__Problem to solve__.
Among the lines below, the one containing "여기에 단지 인근에 연세대" opens the range and the one containing "Acabamento: Pintura Brilho" closes it. Print that range exactly, without the pictures.

__Source material__.
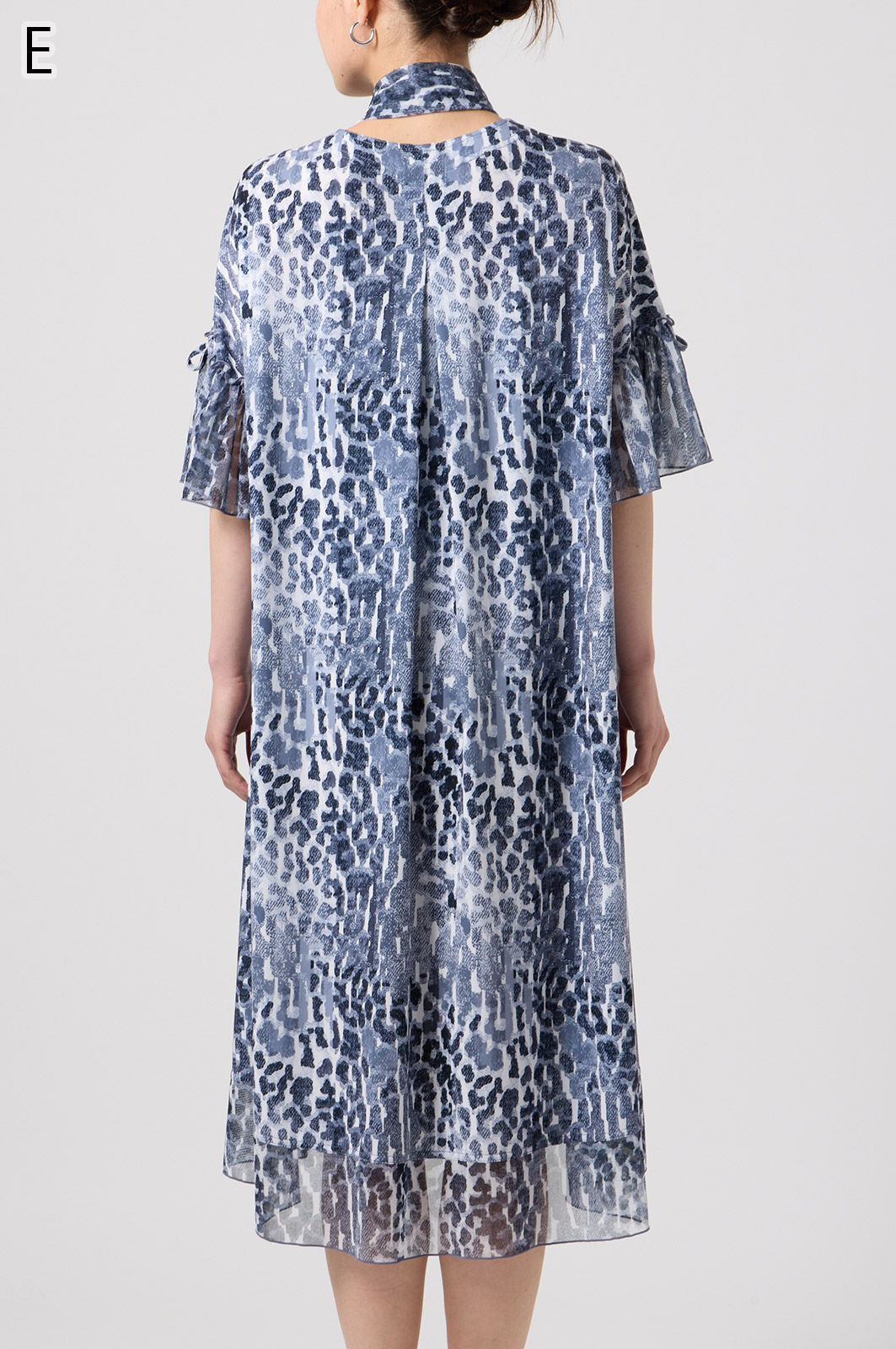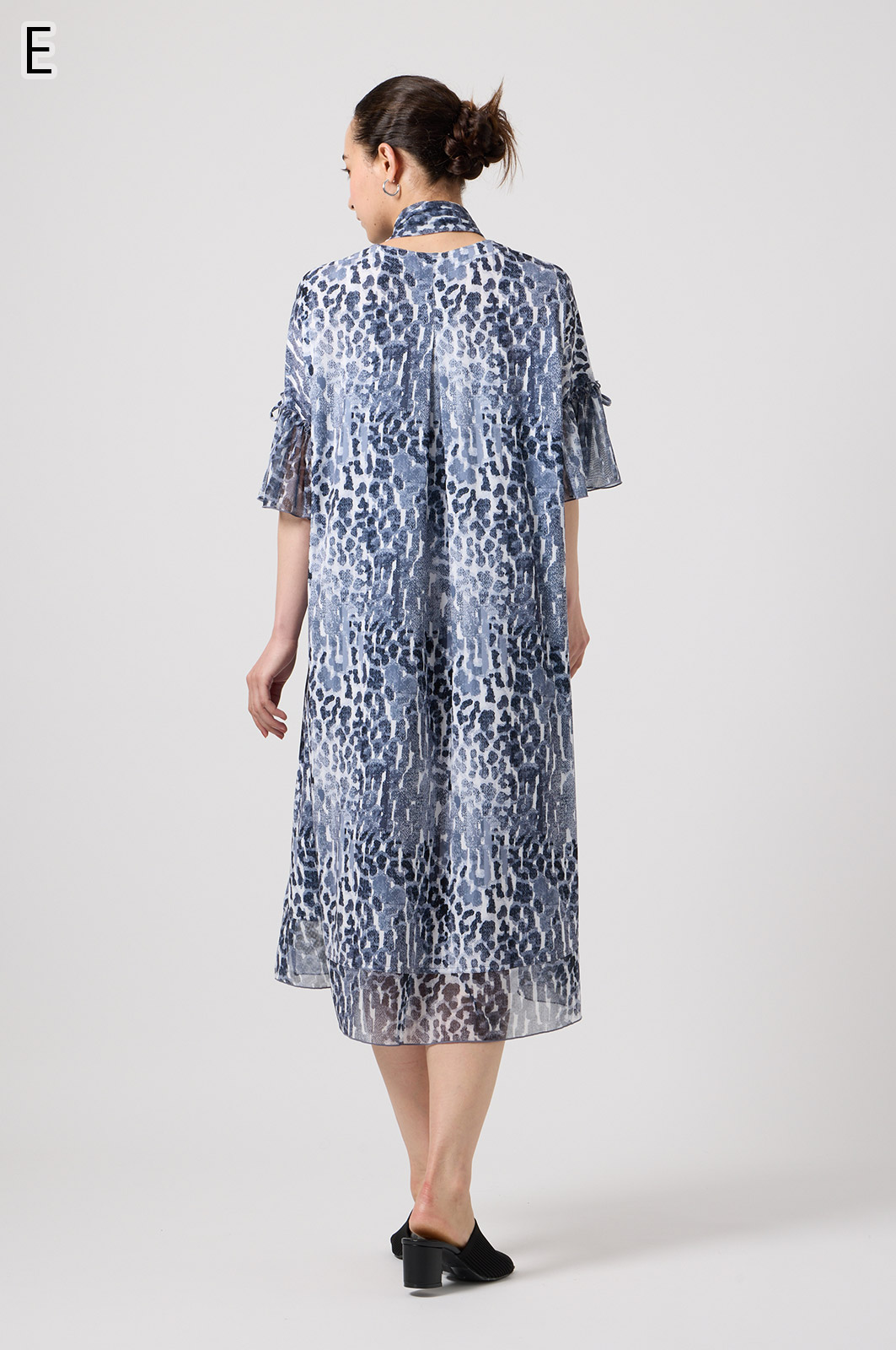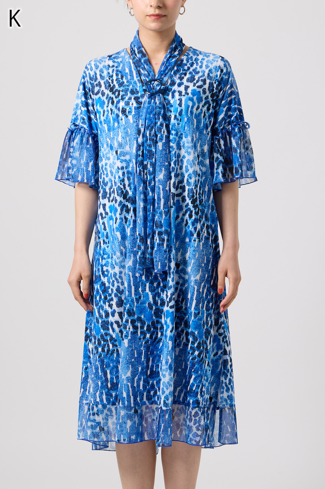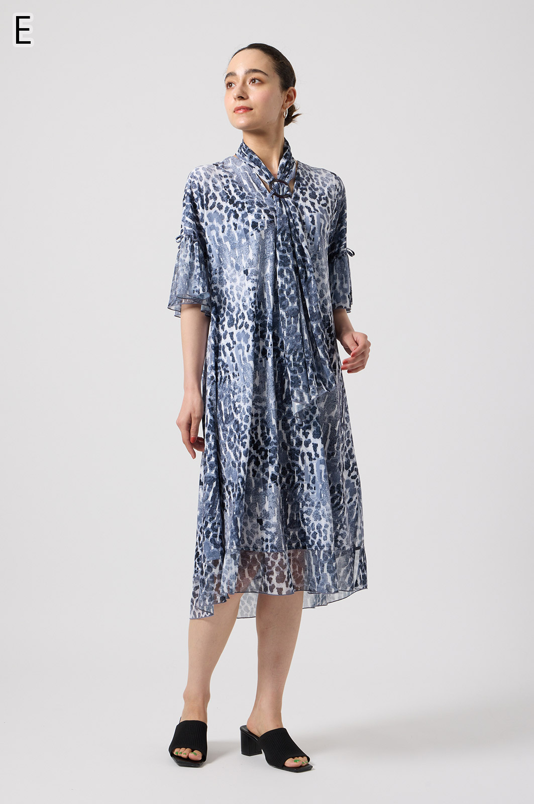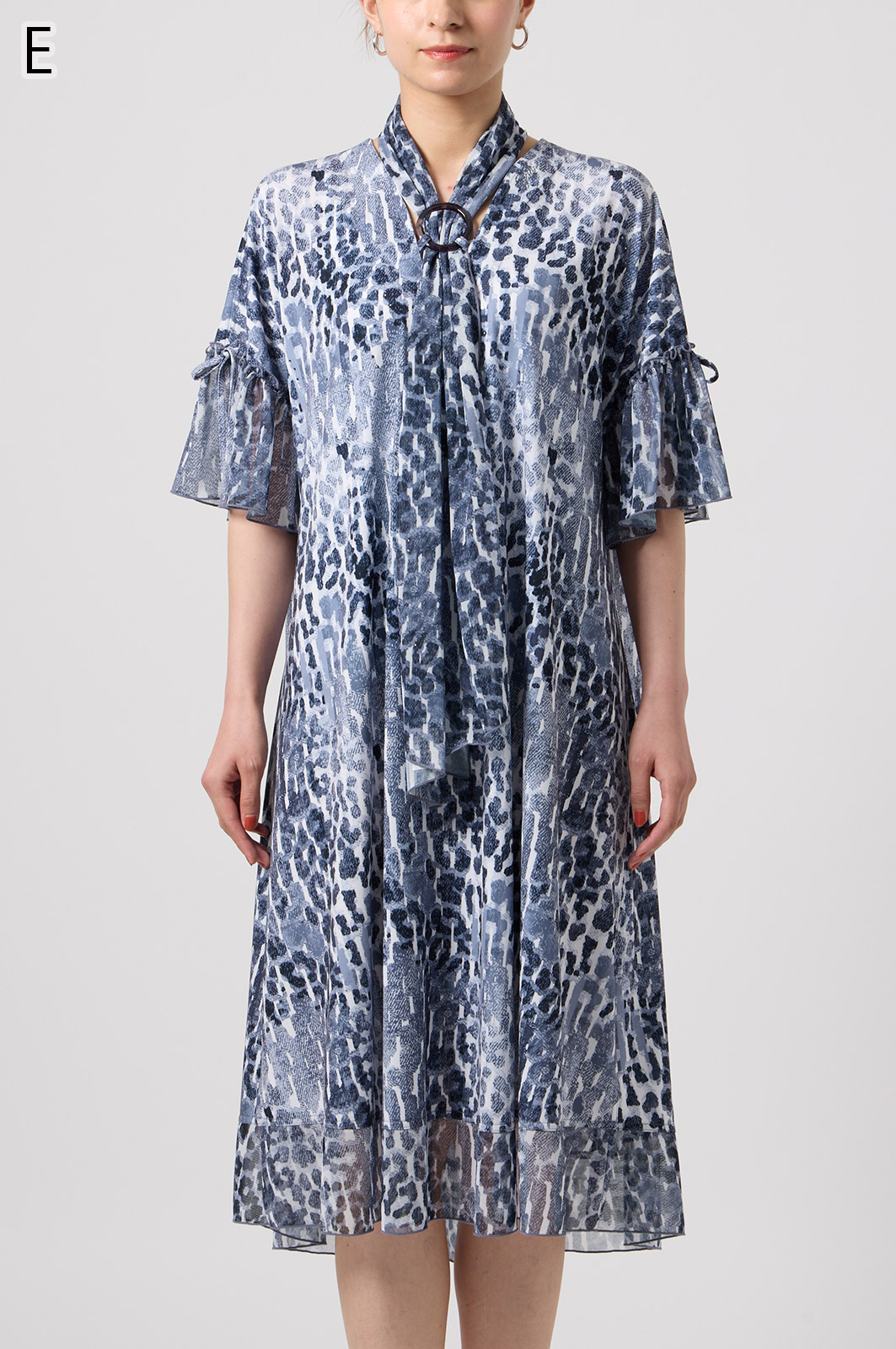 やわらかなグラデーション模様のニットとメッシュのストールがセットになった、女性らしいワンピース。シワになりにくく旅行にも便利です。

...

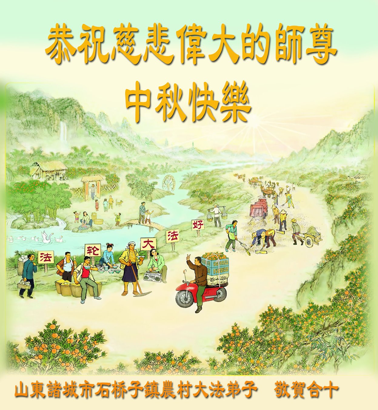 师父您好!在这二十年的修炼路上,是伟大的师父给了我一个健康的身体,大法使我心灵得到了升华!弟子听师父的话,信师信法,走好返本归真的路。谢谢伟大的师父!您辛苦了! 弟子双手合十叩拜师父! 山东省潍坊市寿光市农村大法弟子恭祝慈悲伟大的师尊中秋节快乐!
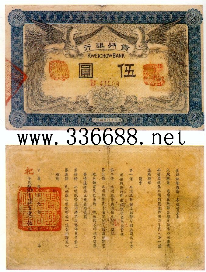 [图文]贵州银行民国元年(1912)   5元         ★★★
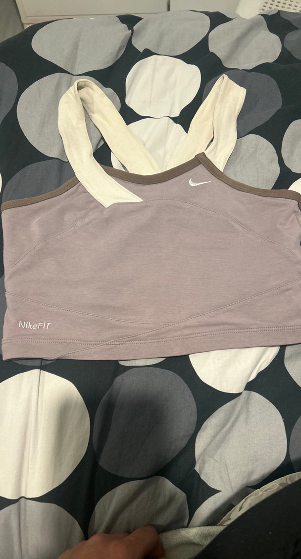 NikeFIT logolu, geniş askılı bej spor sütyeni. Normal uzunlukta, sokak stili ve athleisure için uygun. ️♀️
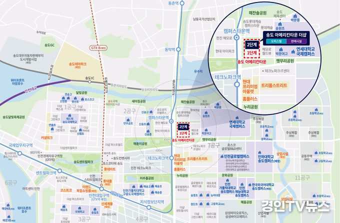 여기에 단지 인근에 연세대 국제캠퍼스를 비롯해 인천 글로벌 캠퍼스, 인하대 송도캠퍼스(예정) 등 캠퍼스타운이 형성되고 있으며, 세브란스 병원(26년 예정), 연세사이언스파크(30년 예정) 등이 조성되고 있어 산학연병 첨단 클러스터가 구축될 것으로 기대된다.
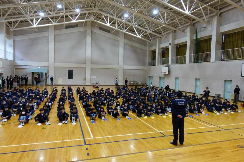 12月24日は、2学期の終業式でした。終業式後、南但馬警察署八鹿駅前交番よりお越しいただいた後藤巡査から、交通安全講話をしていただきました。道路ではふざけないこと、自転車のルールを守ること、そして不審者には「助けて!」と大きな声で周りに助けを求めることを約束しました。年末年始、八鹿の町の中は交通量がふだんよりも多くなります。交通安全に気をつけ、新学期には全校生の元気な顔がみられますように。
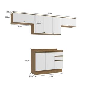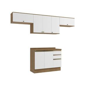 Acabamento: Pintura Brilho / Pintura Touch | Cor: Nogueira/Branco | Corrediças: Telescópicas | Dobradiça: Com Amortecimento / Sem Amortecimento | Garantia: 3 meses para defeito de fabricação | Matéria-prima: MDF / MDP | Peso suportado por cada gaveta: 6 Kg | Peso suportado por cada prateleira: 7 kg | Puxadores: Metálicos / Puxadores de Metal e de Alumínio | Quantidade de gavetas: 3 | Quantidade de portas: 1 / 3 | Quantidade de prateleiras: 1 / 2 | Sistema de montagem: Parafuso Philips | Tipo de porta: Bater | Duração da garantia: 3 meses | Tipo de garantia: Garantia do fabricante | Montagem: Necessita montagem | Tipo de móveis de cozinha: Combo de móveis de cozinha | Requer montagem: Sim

--

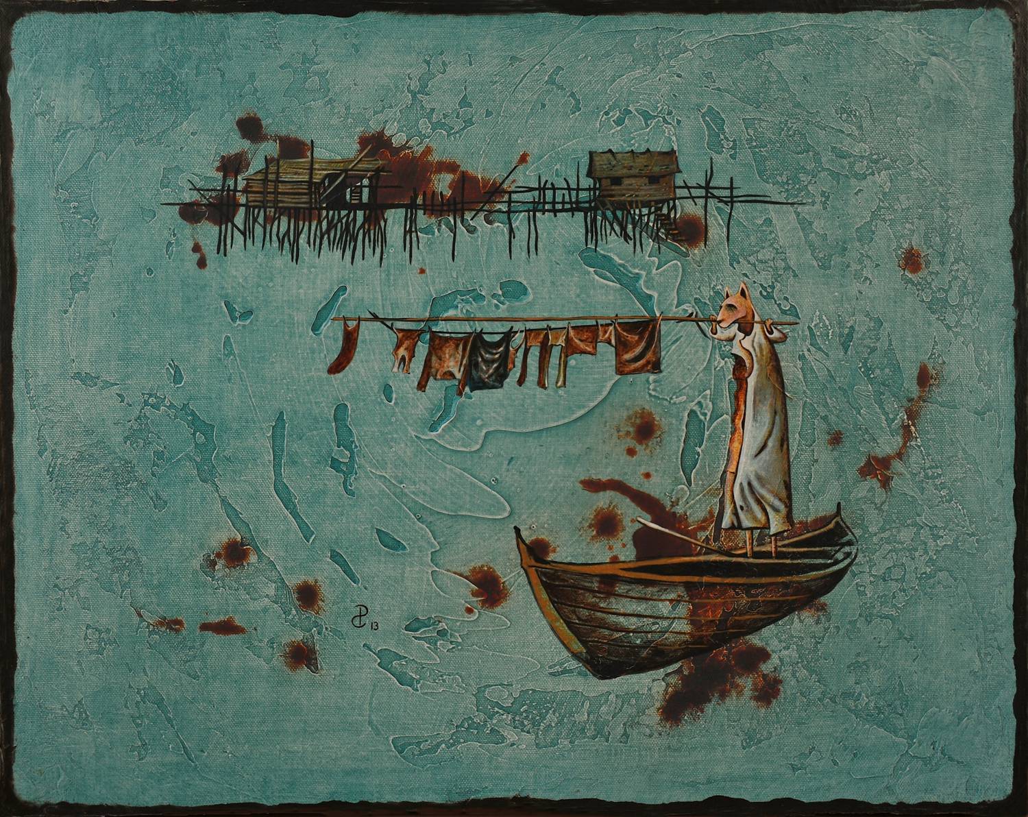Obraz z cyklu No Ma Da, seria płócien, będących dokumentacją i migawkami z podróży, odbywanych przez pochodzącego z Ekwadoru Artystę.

__The completed task__.
 여기에 단지 인근에 연세대 국제캠퍼스를 비롯해 인천 글로벌 캠퍼스, 인하대 송도캠퍼스(예정) 등 캠퍼스타운이 형성되고 있으며, 세브란스 병원(26년 예정), 연세사이언스파크(30년 예정) 등이 조성되고 있어 산학연병 첨단 클러스터가 구축될 것으로 기대된다.
 12月24日は、2学期の終業式でした。終業式後、南但馬警察署八鹿駅前交番よりお越しいただいた後藤巡査から、交通安全講話をしていただきました。道路ではふざけないこと、自転車のルールを守ること、そして不審者には「助けて!」と大きな声で周りに助けを求めることを約束しました。年末年始、八鹿の町の中は交通量がふだんよりも多くなります。交通安全に気をつけ、新学期には全校生の元気な顔がみられますように。
 Acabamento: Pintura Brilho / Pintura Touch | Cor: Nogueira/Branco | Corrediças: Telescópicas | Dobradiça: Com Amortecimento / Sem Amortecimento | Garantia: 3 meses para defeito de fabricação | Matéria-prima: MDF / MDP | Peso suportado por cada gaveta: 6 Kg | Peso suportado por cada prateleira: 7 kg | Puxadores: Metálicos / Puxadores de Metal e de Alumínio | Quantidade de gavetas: 3 | Quantidade de portas: 1 / 3 | Quantidade de prateleiras: 1 / 2 | Sistema de montagem: Parafuso Philips | Tipo de porta: Bater | Duração da garantia: 3 meses | Tipo de garantia: Garantia do fabricante | Montagem: Necessita montagem | Tipo de móveis de cozinha: Combo de móveis de cozinha | Requer montagem: Sim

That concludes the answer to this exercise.